Preferences of the large commercial banks also changed in the second period.

A significant reason for this was the greater pressure to conform to international

banking standards emanating from the ‘parent’ banks of foreign commercial

banks in Tanzania. The large banks were all concerned to improve AML compliance

in Tanzania and saw Basel adoption as an important component in achieving

this. In addition, a number of the larger banks were concerned about the rapid

growth in the number of small commercial banks operating in Tanzania.13 While

the average capital reserves in the banking sector were consistently higher than

Basel standards, many of the smaller banks, and in particularly the Community

Banks, were operating with much lower levels of capital. Moving to introduce

the higher capital requirements contained in Basel II and III was therefore seen

as a desirable way to drive consolidation within the banking sector in Tanzania

(The Citizen, 2016b).

The larger commercial banks lobbied for faster Basel adoption through the

Tanzania Bank Association (TBA). They established a sub-committee of the TBA

called the Joint Committee on Regulation, Compliance and Risk. This was made

up of the five largest banks. The purpose of the sub-group was to participate in the

planning process for Basel adoption and they engaged in a regular dialogue with

the BoT on specific aspects of Basel adoption.14 These large banks also influenced

the BoT’s approach by running training programmes and sharing technical expertise

on issues such as correspondent banking and AML compliance.15 However, the large

influential banks were also in agreement that aspects of Basel II, such as internal

ratings models, were not appropriate for the Tanzanian banking sector and they

did not lobby for these to be included in the roadmap for Basel adoption.16 Thus,

the combined interests of the larger banks and the institutionalized channels of

influence played an important role in moving Tanzania towards a more rapid but

selective implementation of Basel II and III.
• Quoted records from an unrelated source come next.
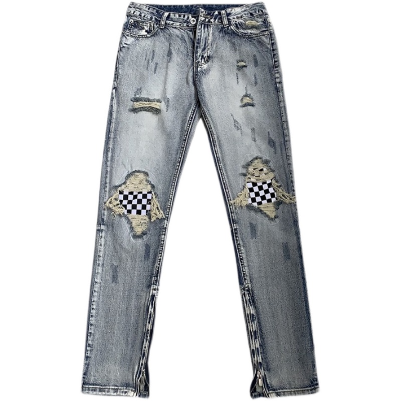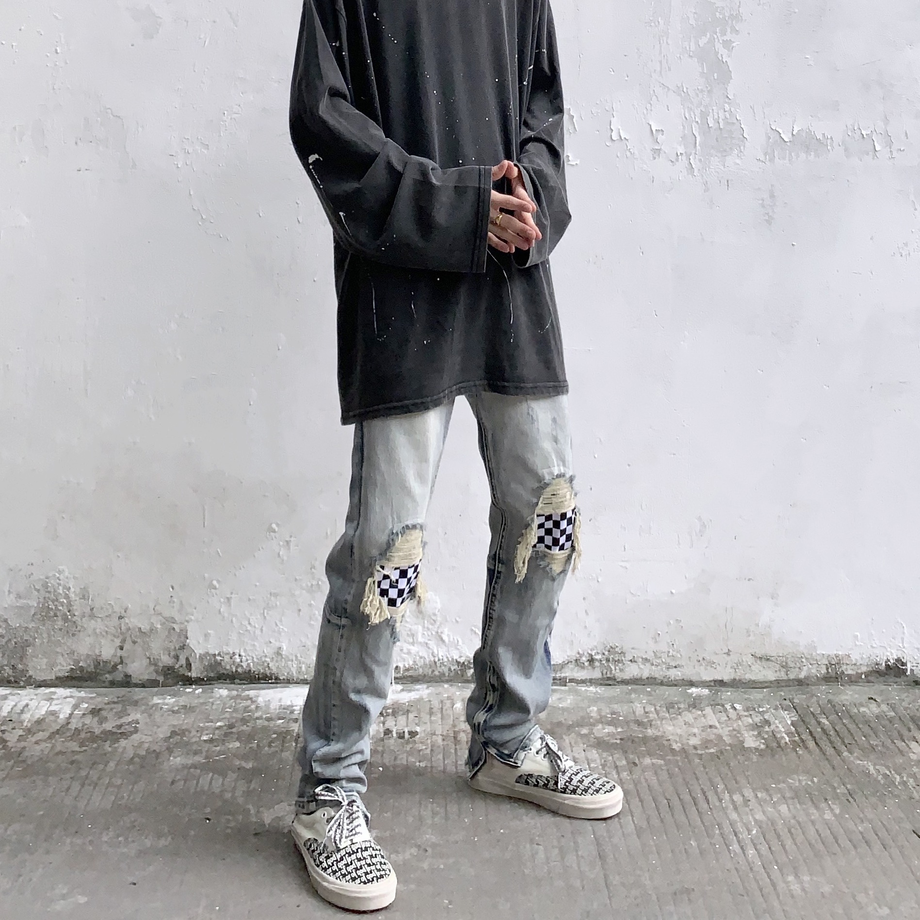 牛仔裤采用了水洗工艺,手感柔软,穿着舒适,破洞的设计,更显时尚潮流,宽松的版型,不挑身材,上身效果很好。
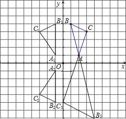 )的坐标,并把△ABC沿y轴对称得△A1B1C1,再把△A1B1C1沿x轴对称得△A2B2C2,请分别作出对称后的图形△A1B1C1与△A2B2C2
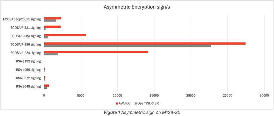 Figure 1 and Figure 2 show AWS-LC can provide better performance for both RSA and ECDSA signing and verifying.
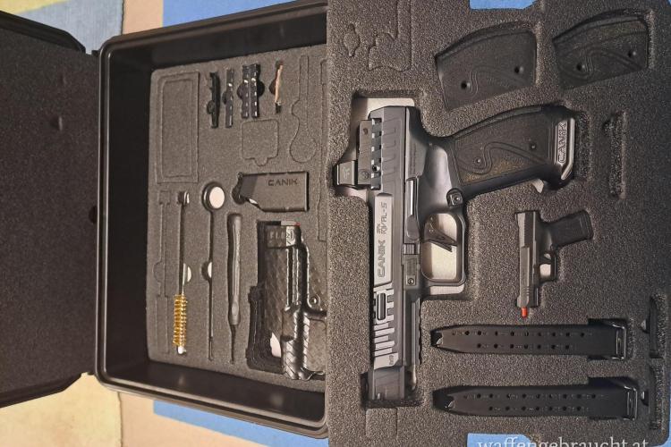| Zubehör | Holster, 3 Magazine, 3tlg Federsatz (light, normal, hard), sämtliche Adapterplatten für Rotpunktaufnahme |
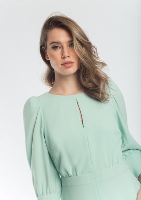 Se trata de un mono en verde veronés con pantalones de remate acampanado y detalle abotonado en la cintura. Le queda perfecto. Me ha encantado.
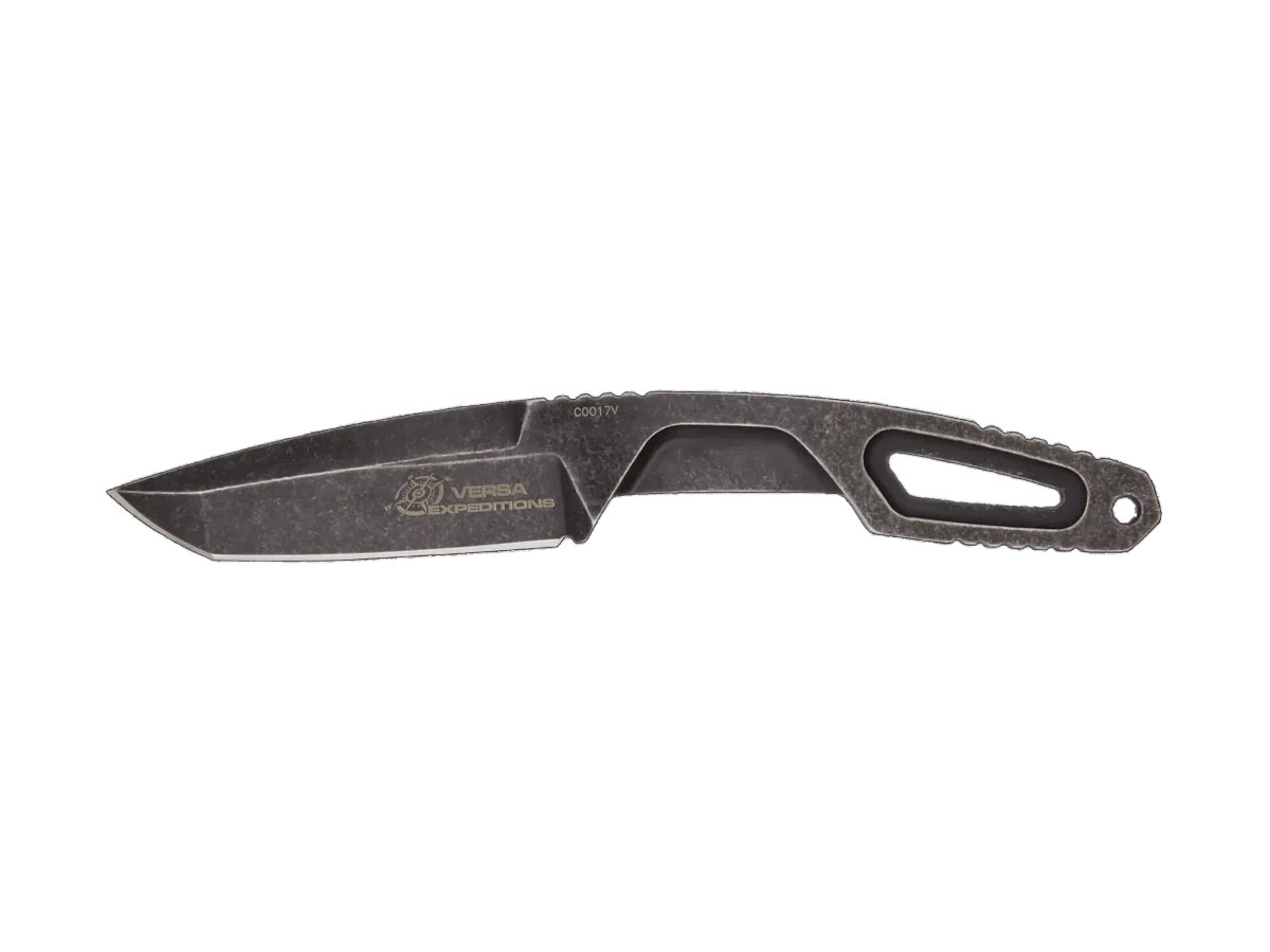 Versa combina un design innovativo con una funzionalità senza pari. Il nome "Versa" incarna perfettamente le caratteristiche di questo coltello: la sua versatilità lo rende adatto a una varietà di situazioni, mostrando la sua adattabilità sia in ambienti urbani come coltello EDC (Every Day Carry), sia in contesti più avventurosi come outdoor, survival, bushcraft, hunting e persino in scenari tattici. La lama è realizzata in acciaio Böhler N690 trattato termicamente a 58 HRC: presenta una brunitura MIL-C-13924 e una finitura stone washed (Dark Stone). Versa Expeditions è fornito con un fodero in kydex termoformato di colore desert sul quale è possibile agganciare il Firesteel per accendere i fuochi (incluso nella confezione). La struttura full-tang scheletrata consente all'utente di personalizzare il manico rivestendolo con paracord, ampliando ulteriormente le possibilità di utilizzo e personalizzazione del coltello. In modalità neck knife Versa può essere facilmente indossato al collo tramite un cordino in paracord 550. Inoltre, può essere portato alla cintura grazie a una belt clip (opzionale) oppure agganciato a tasche, pantaloni, giubbotti e camicie tramite l'uso di una o più ULTICLIP (opzionali). Entrambe le soluzioni consentono il porto sia a mancini che a destrorsi. E' anche possibile agganciare il fodero al sistema MOLLE.
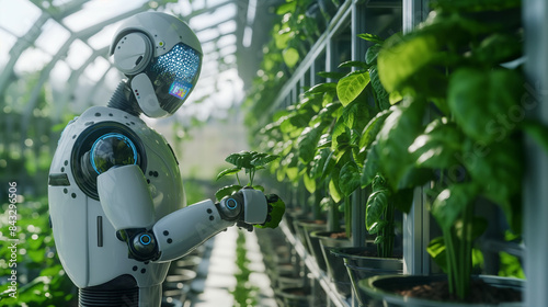 robot, greenhouse, plant, futuristic, automation, horticulture, technology, agriculture, ai, robotic, hydroponics, artificial intelligence, glasshouse, foliage, sunlight, high technology, greenery, gardening
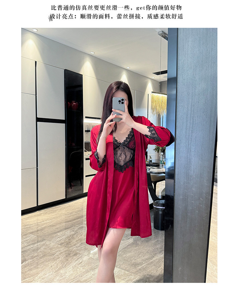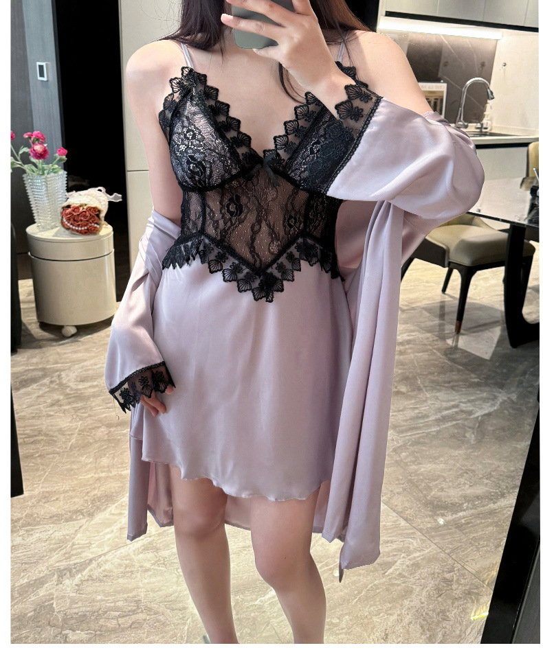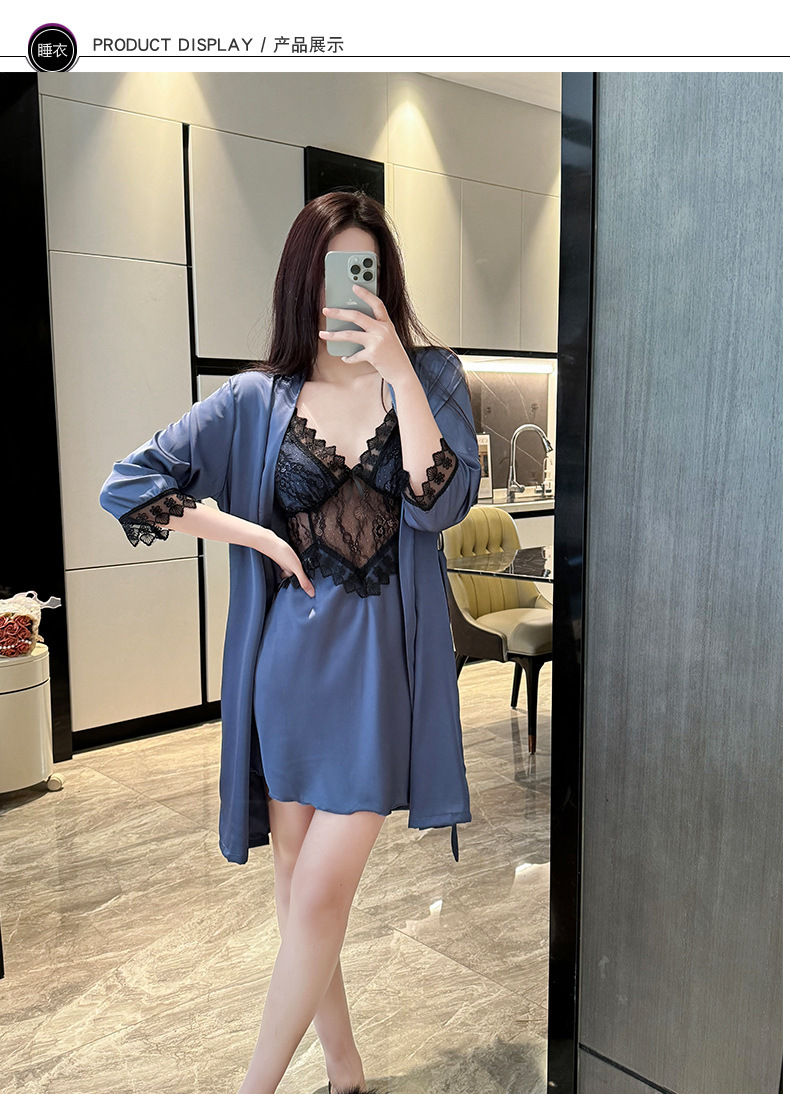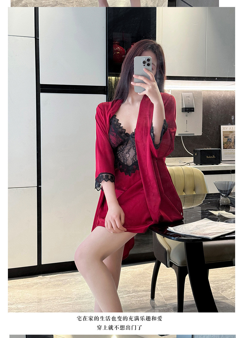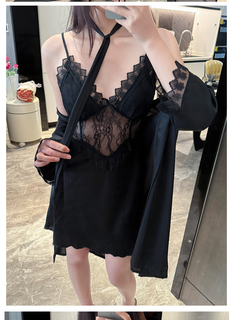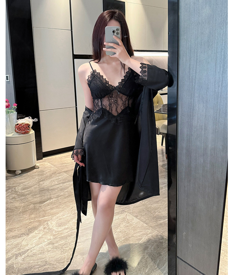 섹시한 순수한 정욕 스타일 봄과 여름 얇은 얼음 실크 잠옷 유방 패드 유혹 서스펜더 깊은 v 넥 레이스 새틴 잠옷 여성을위한스토어 가기
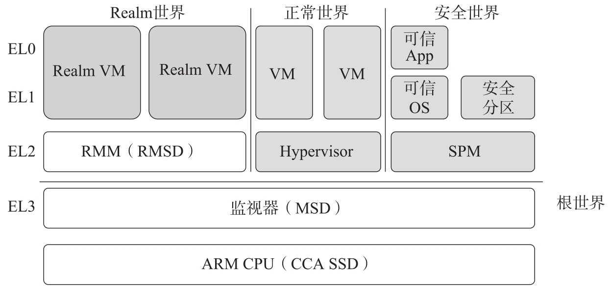 (Realm Management Security Domain,RMSD):包括在Realm世界运行的所有固件,负责隔离保护每个Realm VM。RMSD是Realm VM的TCB的一部分,充当TSM的角色,被Realm VM所信任。
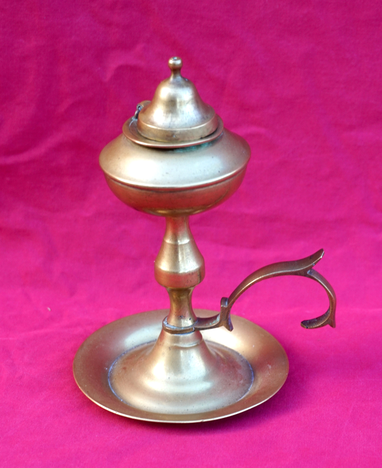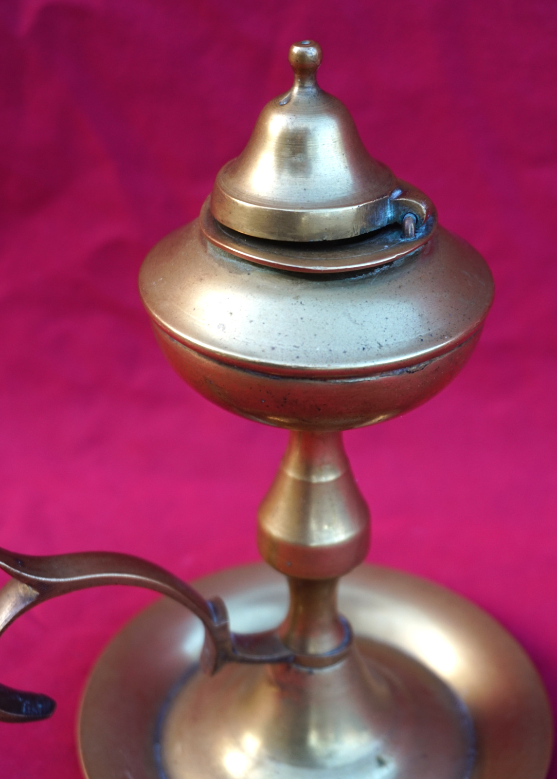 British Raj brass cigar Table lighter oil lamp made early 20th century. 6 1/8" (15.5cm) height, 4 1/4" (11cm) width with the handle. Beautiful condition the burner and the lid are slightly twisted as shown by the following pictures.

While the changing preferences of the regulators and the commercial banks

help to explain Tanzania’s more rapid, but selective, move to adopt and implement

Basel II and III after 2009, preferences of politicians also changed in ways

that encouraged a more tailored approach to Basel implementation and banking

regulation to emerge. Tanzania started to return to a more statist approach

11 Interview, Bank of Tanzania, July 2017.

12 The Bank of Tanzania issued a moratorium of three and five years for commercial banks and

community banks to fully comply with the minimum capital requirements following lapsing deadlines

in Kenya and Uganda.

13 Interviews, commercial banks, Dar es Salaam, April, July 2017.

14 Interviews, Tanzania Bankers Association, commercial banks, July 2017.

15 Interviews, commercial banks, April and July 2017.

16 Interviews, commercial banks, IMF, Dar es Salaam, April and July 2017.